Data extracted from a collection
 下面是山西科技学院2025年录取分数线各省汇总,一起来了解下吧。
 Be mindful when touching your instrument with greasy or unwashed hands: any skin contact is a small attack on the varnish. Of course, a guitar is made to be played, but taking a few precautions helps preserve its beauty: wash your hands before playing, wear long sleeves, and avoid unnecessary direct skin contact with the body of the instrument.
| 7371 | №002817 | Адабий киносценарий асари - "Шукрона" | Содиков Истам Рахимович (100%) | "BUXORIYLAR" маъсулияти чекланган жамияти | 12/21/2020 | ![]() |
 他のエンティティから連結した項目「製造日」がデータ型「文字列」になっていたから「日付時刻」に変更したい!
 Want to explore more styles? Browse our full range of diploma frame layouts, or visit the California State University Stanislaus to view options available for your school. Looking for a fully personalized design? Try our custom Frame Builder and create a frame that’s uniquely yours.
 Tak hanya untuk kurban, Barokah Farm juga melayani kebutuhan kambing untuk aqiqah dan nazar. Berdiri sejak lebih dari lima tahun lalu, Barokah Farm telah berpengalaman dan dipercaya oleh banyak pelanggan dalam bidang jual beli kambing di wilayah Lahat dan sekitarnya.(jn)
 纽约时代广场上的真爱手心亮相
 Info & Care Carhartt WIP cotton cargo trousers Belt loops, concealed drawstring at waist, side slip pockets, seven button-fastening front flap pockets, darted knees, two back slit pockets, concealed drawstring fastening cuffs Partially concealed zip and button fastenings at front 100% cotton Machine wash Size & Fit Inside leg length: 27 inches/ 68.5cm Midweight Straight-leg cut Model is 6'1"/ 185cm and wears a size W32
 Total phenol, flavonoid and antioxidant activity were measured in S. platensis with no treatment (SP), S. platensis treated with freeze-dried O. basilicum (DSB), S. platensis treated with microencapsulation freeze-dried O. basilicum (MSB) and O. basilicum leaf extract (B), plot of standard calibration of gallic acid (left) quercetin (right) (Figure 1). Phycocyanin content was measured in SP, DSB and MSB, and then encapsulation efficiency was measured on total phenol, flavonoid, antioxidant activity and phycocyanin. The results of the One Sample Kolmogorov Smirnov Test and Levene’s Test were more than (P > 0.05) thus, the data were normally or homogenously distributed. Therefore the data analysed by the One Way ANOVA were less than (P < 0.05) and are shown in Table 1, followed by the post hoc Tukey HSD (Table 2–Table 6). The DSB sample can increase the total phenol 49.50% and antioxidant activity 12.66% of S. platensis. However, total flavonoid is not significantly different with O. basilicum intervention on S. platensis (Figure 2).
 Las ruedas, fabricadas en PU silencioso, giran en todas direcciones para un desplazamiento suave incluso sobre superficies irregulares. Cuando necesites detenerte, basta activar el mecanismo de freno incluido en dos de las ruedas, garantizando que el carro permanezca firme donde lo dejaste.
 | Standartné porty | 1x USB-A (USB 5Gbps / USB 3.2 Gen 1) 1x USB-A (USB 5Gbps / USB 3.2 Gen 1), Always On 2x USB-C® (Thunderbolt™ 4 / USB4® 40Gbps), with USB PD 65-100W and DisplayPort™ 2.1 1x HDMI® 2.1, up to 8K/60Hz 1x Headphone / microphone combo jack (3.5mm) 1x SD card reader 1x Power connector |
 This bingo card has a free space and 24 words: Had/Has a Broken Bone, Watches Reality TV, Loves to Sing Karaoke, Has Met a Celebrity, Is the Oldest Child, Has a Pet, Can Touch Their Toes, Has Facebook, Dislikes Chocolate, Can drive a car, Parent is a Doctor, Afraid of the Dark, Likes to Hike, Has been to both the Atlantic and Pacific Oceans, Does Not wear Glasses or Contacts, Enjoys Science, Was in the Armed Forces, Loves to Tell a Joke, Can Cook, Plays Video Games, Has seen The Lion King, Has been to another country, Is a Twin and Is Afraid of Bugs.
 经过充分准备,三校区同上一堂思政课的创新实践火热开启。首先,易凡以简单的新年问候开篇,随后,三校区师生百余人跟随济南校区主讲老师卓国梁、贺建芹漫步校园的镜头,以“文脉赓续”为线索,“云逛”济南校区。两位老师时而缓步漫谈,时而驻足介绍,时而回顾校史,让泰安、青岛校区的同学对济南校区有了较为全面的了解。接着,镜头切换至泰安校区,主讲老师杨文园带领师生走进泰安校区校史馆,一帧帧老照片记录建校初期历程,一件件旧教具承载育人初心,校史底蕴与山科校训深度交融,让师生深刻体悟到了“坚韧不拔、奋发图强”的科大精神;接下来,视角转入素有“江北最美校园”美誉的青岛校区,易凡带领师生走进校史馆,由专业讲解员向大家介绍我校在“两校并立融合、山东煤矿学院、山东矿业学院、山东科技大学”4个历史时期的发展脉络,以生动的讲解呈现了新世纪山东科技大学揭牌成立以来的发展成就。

• What is required:
Return only the number of lines in the data above that include the word "your".

• Answer:
2